You can also enter a stop-loss order known as a trailing stop. A trailing stop moves a set distance inline with the price when it is moving in your favour. If the market backtracks then the trailing stop won’t backtrack with it. If the market backtracks enough it will trigger at the distance you’ve specified. 

For Example
You might buy a spread of 50-55 and enter a trailing stop of 15 points. That will put your stop loss at 40 when you first buy the spread at 55. But if the price then advances to 60, your stop loss will automatically be moved up to 45.

If it advances to 75, your stop loss would automatically be adjusted to 60, 15 points back from that high. Using a trailing stop can help you both minimise risk and lock in a certain amount of profit.

Stop orders can also be used to enter a spread bet. You can place a buy stop to trigger buying the spread only if the spread price advances to a certain level, or a sell stop to sell short the spread only if the spread price declines to a certain level.

5. Market on close (MOC) order

A market on close order is just what it sounds like – a market order that only goes into effect just before the close of the trading day.

You can use a market on close order to either initiate a spread bet or to close out an existing spread bet.

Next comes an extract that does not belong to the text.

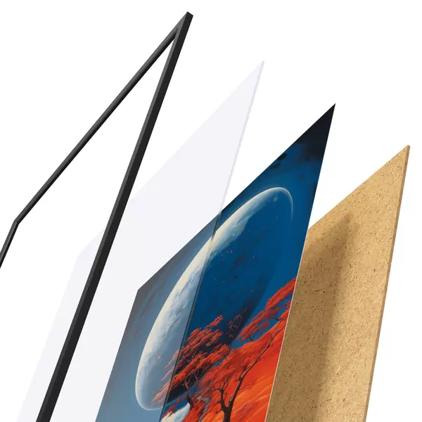 El póster consta de marco, plexiglás, imagen impresa y soporte de aglomerado. El póster puede colgarse inmediatamente en la pared gracias a los soportes de la parte posterior.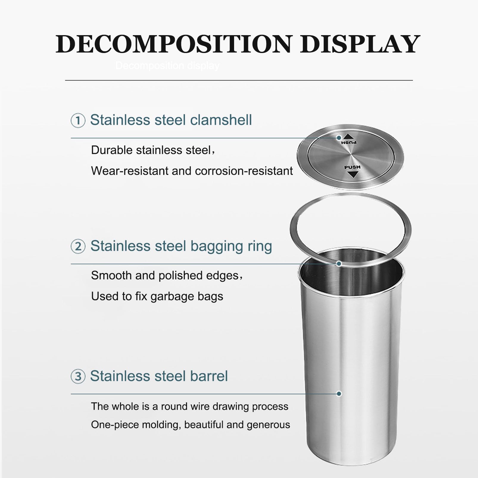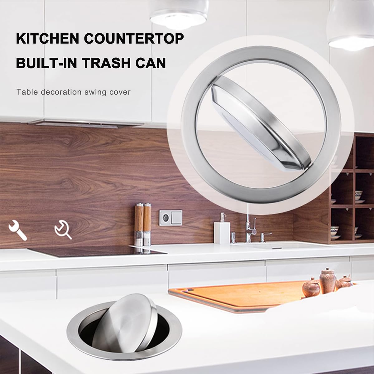 Matériau : acier inoxydable de haute qualité Lieux applicables : hôtels, bureaux, magasins, maisons privées Taille : veuillez vous référer à l'image pour les dimensions exactes Nos fonctions en un clin d'œil : Matériau en acier inoxydable résistant aux rayures et facile à nettoyer. Sirxlevcy Couvercle en acier inoxydable pour poubelle - Couvercle d'évier - Balançoire intégrée - Couvercle pour le plan de travail de cuisine C. 29,00 - Design propre et lisse pour la qualité et l'esthétique. Il suffit d'ouvrir le trou dans le bureau et d'insérer la poubelle. Le couvercle lumineux de haute qualité s'adapte parfaitement à la décoration intérieure de la cuisine, du restaurant, de l'épicerie ou du service alimentaire. Solution Rangement Déchets Discret Couvercle De Poubelle En Acier Inoxydable Intégré à Rabat D'Équilibre Fermeture Automatique Silencieuse Résistant à la rouille et à l'usure pour une luminosité durable. Solution peu encombrante pour placards, bureaux et lavabos. Mise à niveau élégante de l'espace : cachez les poubelles dans les armoires de cuisine pour une apparence propre et bien rangée. Secouez et scellez silencieusement grâce au couvercle escamotable. Poubelle encastrable - pour plan de travail de cuisine - 6L - Recycle EMUCA Installation facile : poubelle hygiénique pour plan de travail. Type de produit: Poubelle ; Référence: AX8911E ; Matériaux: En inox 304 (18/10) ; Hygiène, propreté: Bactériostatique ; Finition: Brossé Poli Satiné HyperPolish

Market on close orders are filled at the best available market price, sometime within the last two minutes of the trading day.

6. One cancels the other (OTO)

An OTO order is used when a spread bettor wants to enter either a buy or sell spread bet, but only if the market’s price movement is going in the direction in favour of their bet. 

For Example
Assume that the spread on a financial instrument is 35-37. A bettor can enter an OTO order to buy the spread with a buy stop order at 40 or sell the spread with a sell stop order at 32.

If the spread is advancing, then the bettor’s buy order will be triggered, and their sell order cancelled. Conversely, if the market declines so that the sell order is triggered, then it will be filled, and the buy order will be cancelled.

Read: How to Identify and Draw Support and Resistance Levels on Any Chart

In summary

There is a wide range of bets and orders to help traders trade the way they want to. Different spread betting brokers offer different types of orders, so be sure to check with your personal spread betting firm to see which spread bet types are available to you.